Oggi la merda ha un buon sapore. C'è un letto sullo sfondo e nient'altro. Un buio lieve e denso. C'era una salita in montagna, la solitudine dei numeri che anche se non sono primi non importa. C'è un legame sottile fatto di piccoli fili di sorrisi e pianti. Vite intrecciate inevitabilmente, era così per forza, non c'era altra possibilità. Kebab e birre. Birre e kabab. Il kebab cade si sfalda la piadina e la carne si ammassa per terra. Se ne può chiedere un altro o piazzarsi a raccogliere i cocci. I cocci suono tuoi. 

mercoledì 5 febbraio 2014

è tutto un viaggio


Grazie al cazzo

Cercando qualcosa che non esiste ci siamo impigliati in posti sconosciuti, in reti di sguardi e progetti, in bisogni sorti da mancanze ignote.
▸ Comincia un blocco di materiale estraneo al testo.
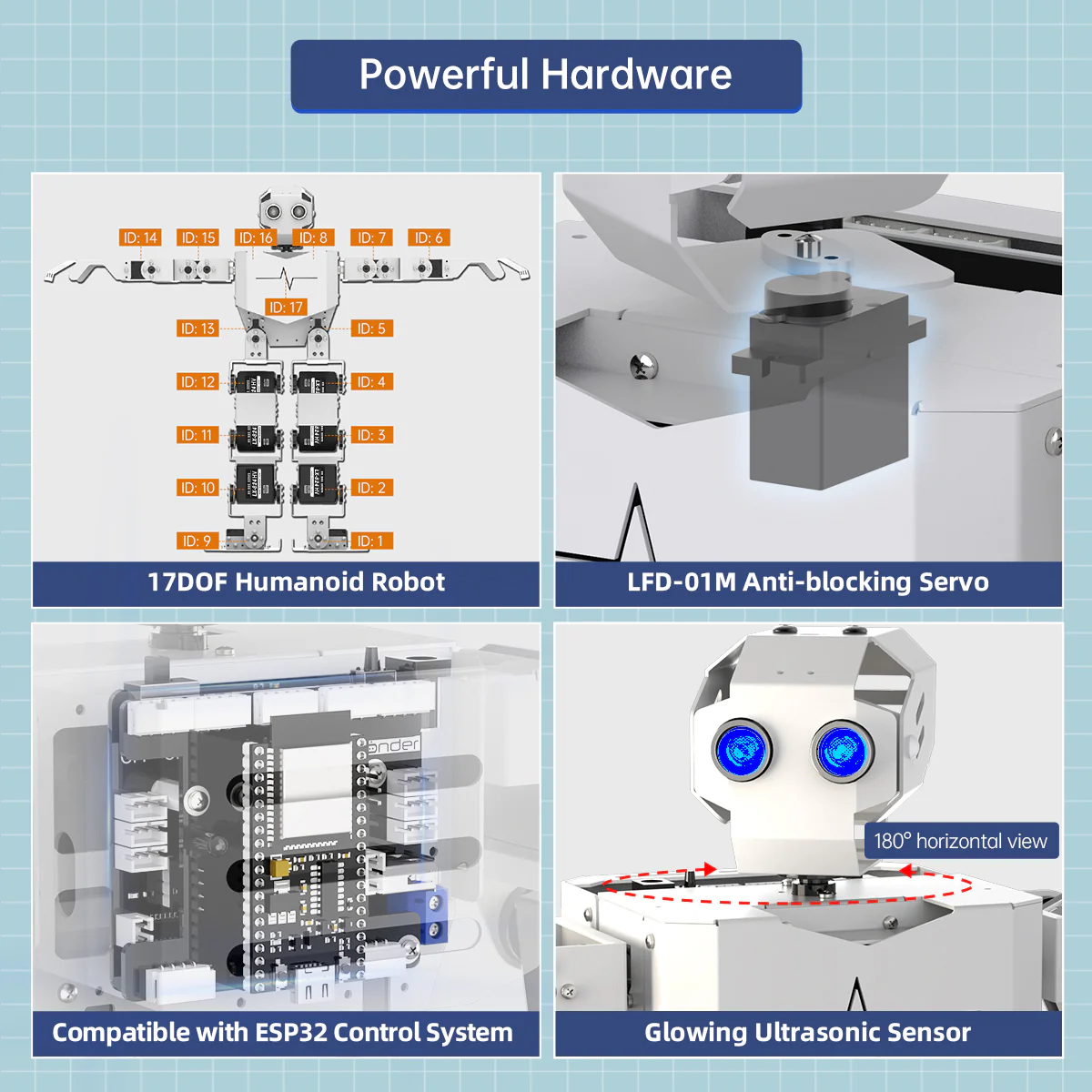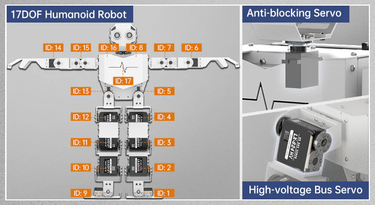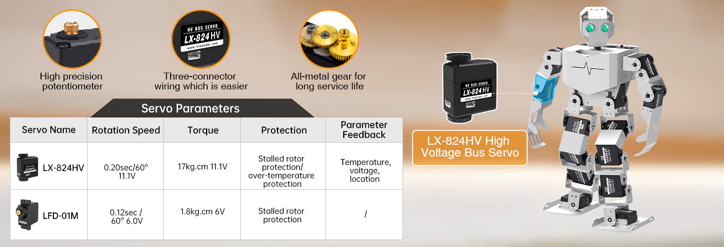 De intelligenta buss-servomotorerna ger exakt kontroll och mjuka rörelser.
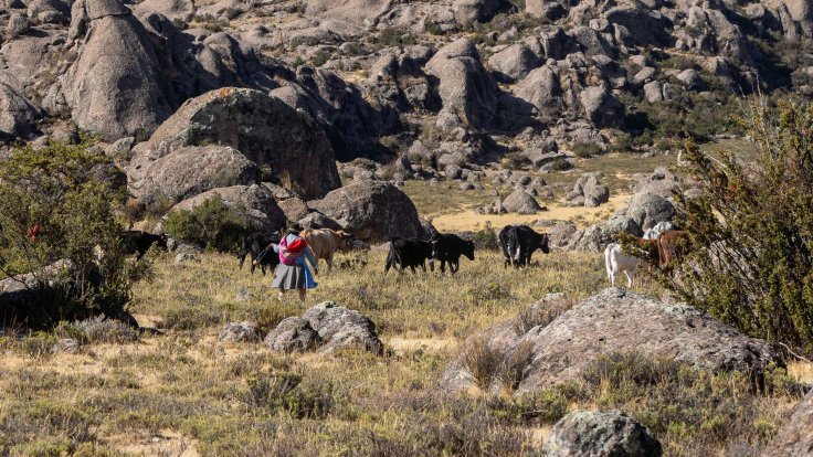 Alors on s’arrête, on boit notre eau, on admire, on photographie, on se questionne sur cette ville qui nous paraît toujours là, on sourit de ce panorama et cette chance d’être là. Première grande pause à la diffurcation de Quisuarniyog, pour des bananes, des caramels fourrés au chocolat blanc, et les petits biscuits offerts de ce matin qui n’ont pas survécu à cette pause! 😅 11km de réalisé. Ce n’est pas si mal à 11h devant des montagnes à perte de vue, des près cultivés, des troupeaux, des sources d’eau qui s’exaltent de sortir de terre, le ciel bleu et ses quelques nuages qui arrivent de la cordillère. La végétation réapparaît, les arbres polylépus, les buissons, les lavandes fleuries et les bonnes odeurs.

Ignari abbiamo proseguito su un terreno dissestato con pietre aguzze e tagli sul corpo. Gracili gesti che cercano attenzione. Fogli di vite sparsi e messi in disordine su scrivanie vuote e troppo spaziose.

Grazie al cazzo.

Persi per strada, se c'è, poi, una strada. Asfalto tra le arterie, cemento sulle palpebre, cicatrici sui palmi e corriamo ancora.
Senza il limite del reale, senza storie da poter raccontare. Senza.
Con un orizzonte di possibilità sbagliate.
Con un orizzonte di possibilità e basta.

martedì 4 febbraio 2014

Amen

Non saprei. In questi anni i tempi sono scomparsi. Come anime disperate che scappano dagli sguardi. Ho visto il loro volto seduta su questo scalini. Ci separava la vita e le carte che abbiamo in mano. Ci separavano i ricordi e le prodezze, la camminata e le scarpe nuove. Tanti corpi schizzano sulla superficie della terra, in questa piazza scoperta. Di notte il deserto. Solo il giallo del cielo e di questi lampioni. O forse solo dei lampioni. Grezzo il battito che è incastonato tra due o tre ossa. Avrei preferito morire lì, senza altri respiri. O forse è una scusa, stupida, per non arrancare più di tanto. Voci che scompaiono, ma rimangono incise sulla pelle. Vacui pensieri che annebbiano l'unica lucidità possibile. Gravi che cadono sopra queste teste spoglie. Alberi senza foglie. Il sedile della metro è un porto tra tutti questi giubbotti e giacche, borse da lavoro e zaini stracolmi, tra chi striscia tra la folla e il bisogno di fuggire. Che, però, rimane. Di soppiatto, silenziosamente presente. Non in un luogo o in un tempo distante, ma fuori dalla mente che picchietta in modo insistente. Questa stronza, il suo gioco è appena iniziato e vacci piano se no ti schianti. Amen.